To me there has been no closure. Only a new reality filled with pain and sadness. I lost my dad to suicide November 7, 2000, then 14 years later to the day, November 7, 2014 , my daughter took her own life. I am more than devastated and for the longest time I would keep contemplating suicide myself and came very close when my drug addict/mentally ill wife that I have been trying hard to help (not my daughter’s mom) left me right before Christmas 2015. I am just now beginning to grieve my daughter’s death now that I am not occupied with my wife’s shenanigans. I will never be the same and I will never be over this fully. I do however feel there is hope for the future.
Dear Tommy,
I am so sorry to hear about the double loss you have experienced in addition to other trauma you have faced. I am glad you feel there is hope for the future. If you ever feel suicidal again please reach out for help.
I don’t ever expect full closure. I mean how can one really get over something like this? I lost my 20 year old son, and only biological child to a self inflicted gunshot wound in his bedroom where my wife, and I found him 18 months ago. We were completely blindsided, and the scene we walked into that night was utterly horrific.

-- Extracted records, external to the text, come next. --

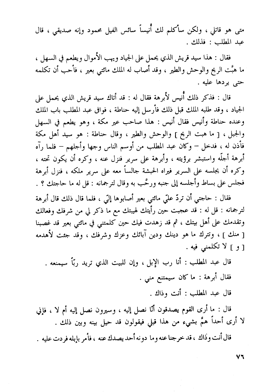 متى هو قاتلي، ولكن سأكلم لك أنيسا سائس الفيل محمود وإنه صديقي، قال عبد المطلب: فذلك.
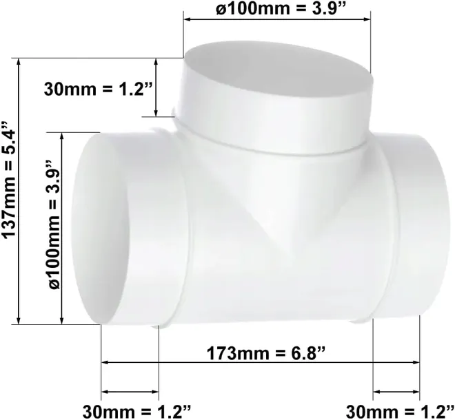 - Trójnik kanałowy, wymiary zewnętrzne: Ø 100 mm
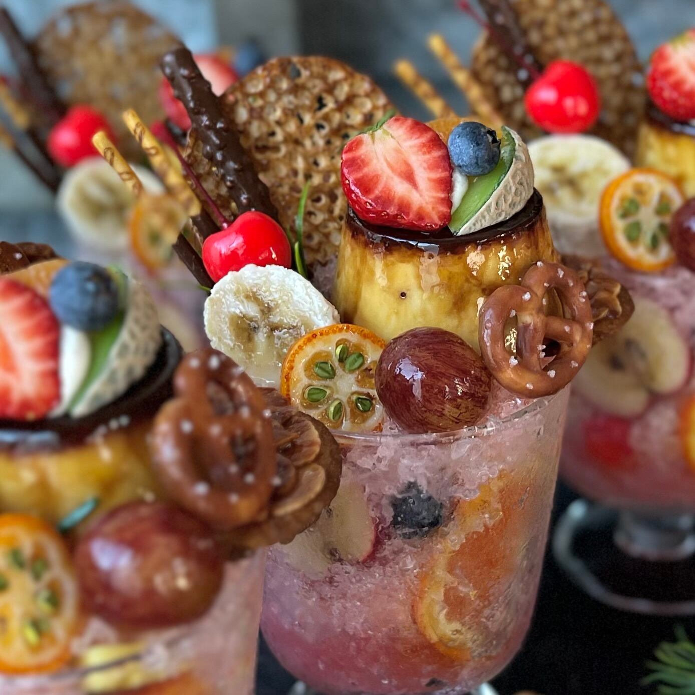 かき氷・モモ・パイン・姫林檎・半割さくらんぼ・缶詰チェリー・ラズベリー・ブルーベリー・オレンジ
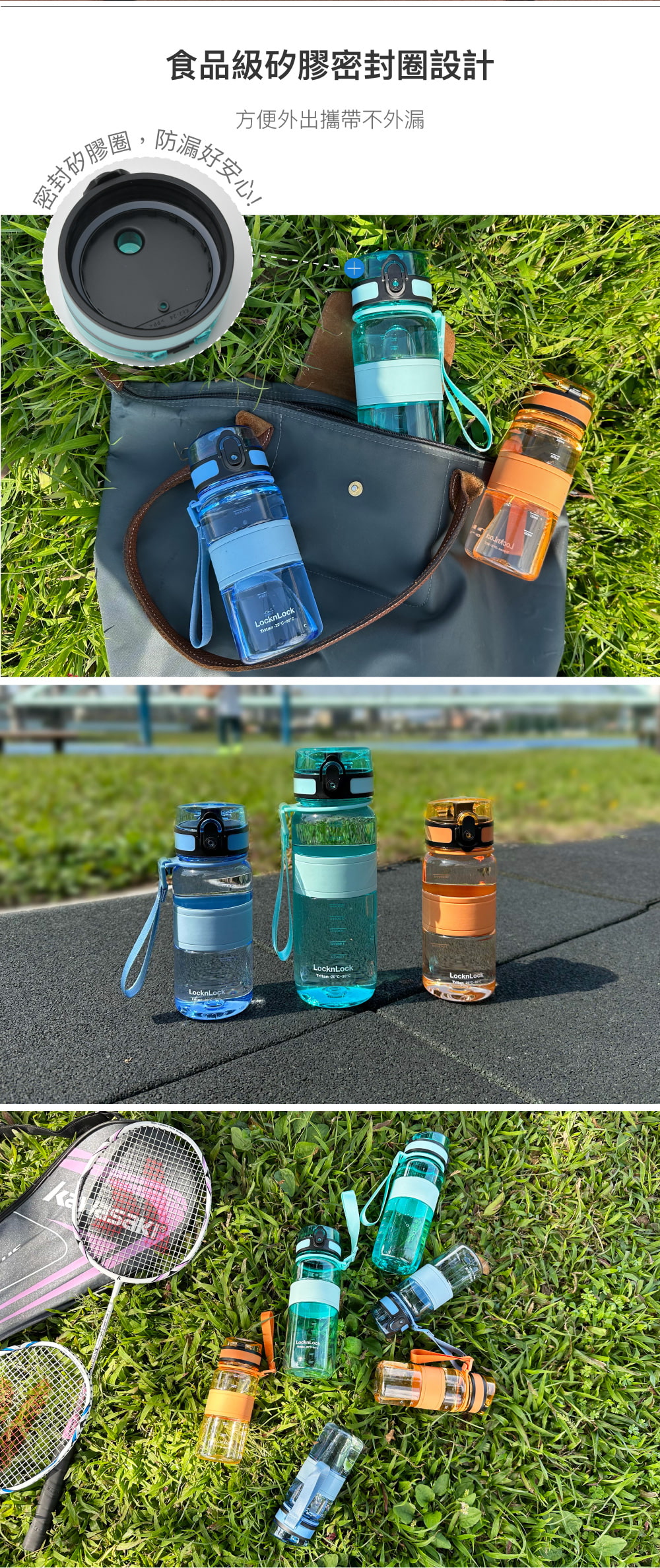 ★多款容量,矽膠腰環瓶身中央,好拿好握。上蓋安全鎖扣,攜帶不漏水

He had struggled in school, but seemed to be doing much better the his last year. He had gotten his EMT, and just got a new job at an Ambulance transport company when he ended his life.. There was no note, no warning, no answers.
We found out a few months later his ex girlfriend knew he had been suicidal for years. He told her how he wanted to do it, why, his original timeline…. She kept his secret, and then dumped him for the very anxiety\depression issues that killed him. She thought she had talked him out of it. She told us she broke up with him a year before he completed suicide was to toughen him up. I am still angry with her. I will go to my grave believing if she had not kept his secret we might very well have been able to save him from himself.
He also saw a therapist for 2 years while in high school that never discussed his suicide potential, prevention with us, screened him for it… Found out later suicide prevention training is not required for all mental health professionals in grad school in the state I live.
It does not hurt as much anymore, but not a single day, hour goes by that I do not mourn his loss. I am not a spiritual person, nor convinced of life after death. I carry on for the loved ones in my life. I have hope it will continue to get better with the passage of time, but never totally disappear.
Hope? There is no hope since my only child ended her life. What could I possibly hope for? She is all that I want.